Hikaru Nakamura Is Not a Chess Player Anymore. He Is Your Boss

Hikaru Nakamura sat down at the Candidates Tournament, lost to a 19-year-old, and immediately called a performance review.
The preparation file — assembled by his team — did not contain the variation Javokhir Sindarov played. This was a team failure. Nakamura identified it as such, communicated it clearly to stakeholders, and expressed no personal distress whatsoever. "It's 100% my team's fault," he said. "I can't be angry at myself for this."
He then presumably went back to his hotel room and sent a very measured email.
This is what happens when a chess player becomes famous. At some point the game becomes a vertical inside a larger operation, and the player stops being a player and starts being a business. Nakamura streams. Nakamura manages.
He didn't lose a chess game. His department underperformed.

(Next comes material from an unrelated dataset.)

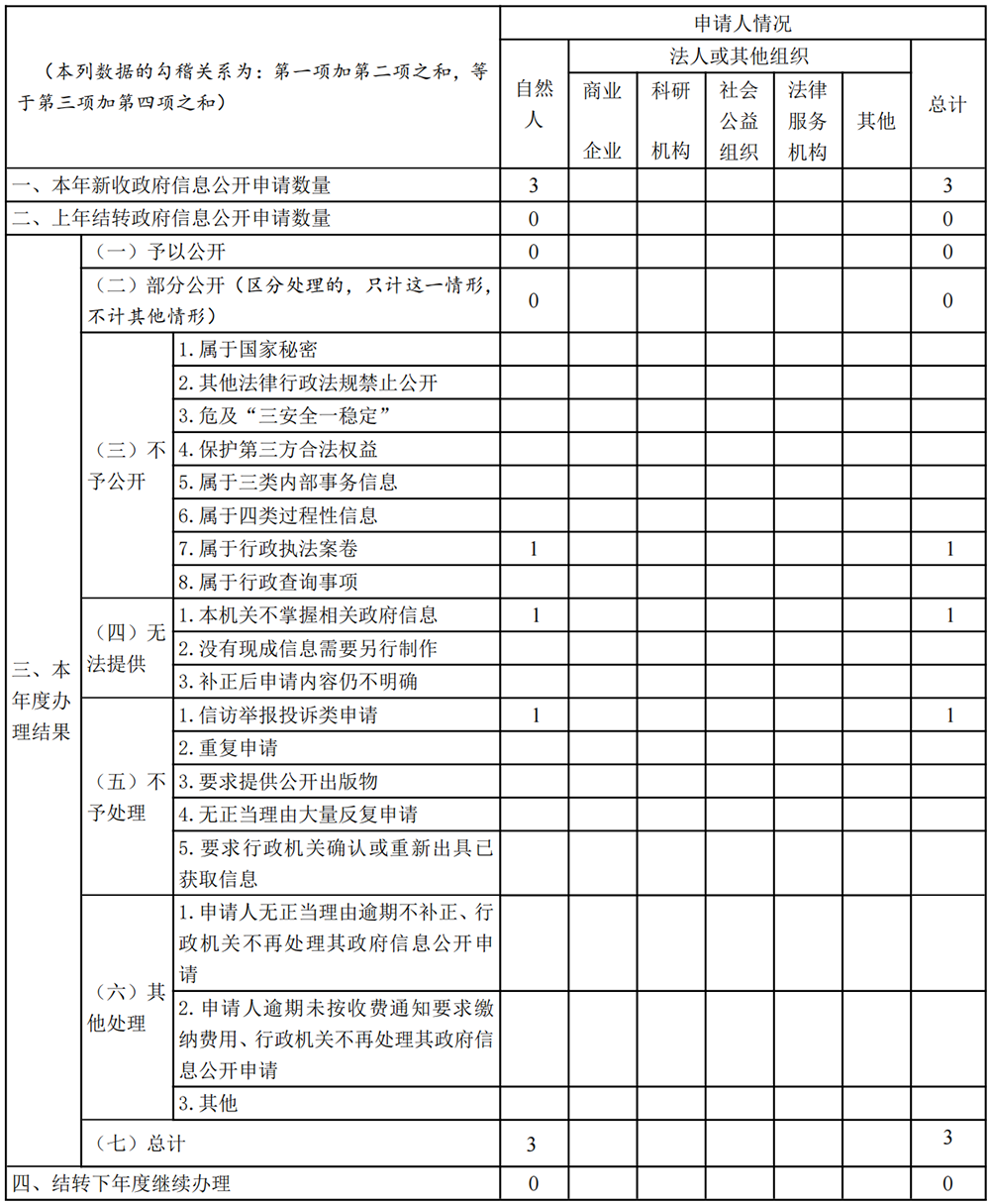 (二)依申请公开方面。依法规范做好政府信息依申请公开受理、审查、处理、答复工作,保障公民、法人和其他组织依法获取政府信息的权利。全年共收到政府信息公开申请3件,均在规定时限内依法予以答复。

The team will do better next time. That is what teams are for. Nakamura himself is for other things now — vision, direction, showing up and executing. The actual chess, the preparation, the variation work: that's middle management. And middle management dropped the ball on castling.

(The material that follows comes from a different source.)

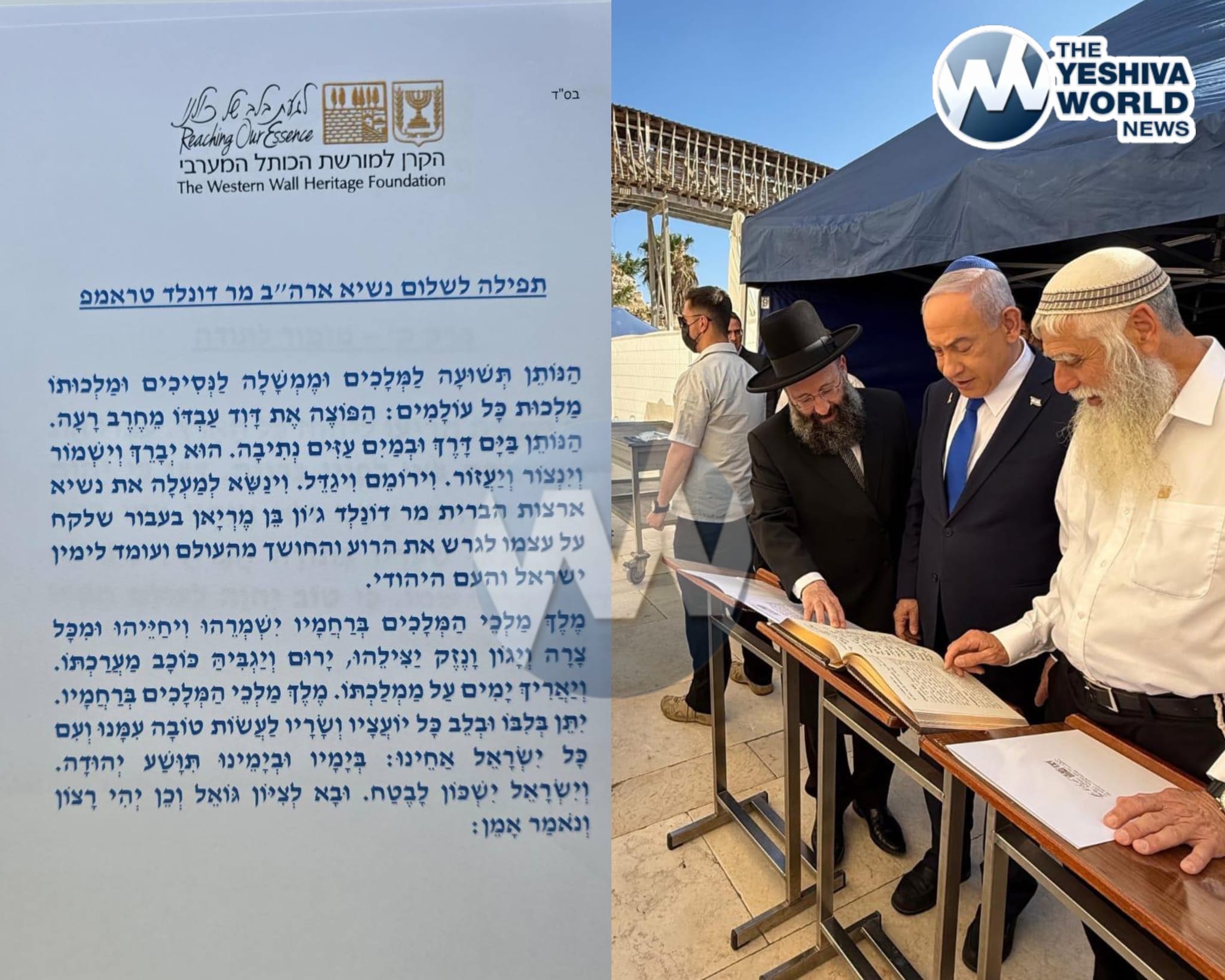 🔥 Prime Minister Netanyahu visited the Kosel a short while ago, where he thanked Hashem for saving Am Yisrael from a nuclear holocaust. Netanyahu also recited the special Tefillah for President Trump.

Carlsen would probably have walked out of an interview and would be really really upset.
Nakamura said it was a process issue and moved on.
He is not wrong. That is the interesting part. Within the logic of what Nakamura has built — the brand, the platform, the operation — he is completely correct. The file was incomplete. The outcome followed. His own performance, given the materials provided, was not the problem.
He just described losing a chess game the way your manager describes a missed sprint. With a straight face. In public. To cameras.
The apparatus is being updated as we speak. Someone has been spoken to. The castling line has been added. Next quarter's numbers will be better.
Hikaru Nakamura is already thinking about the next game. He has people for the rest.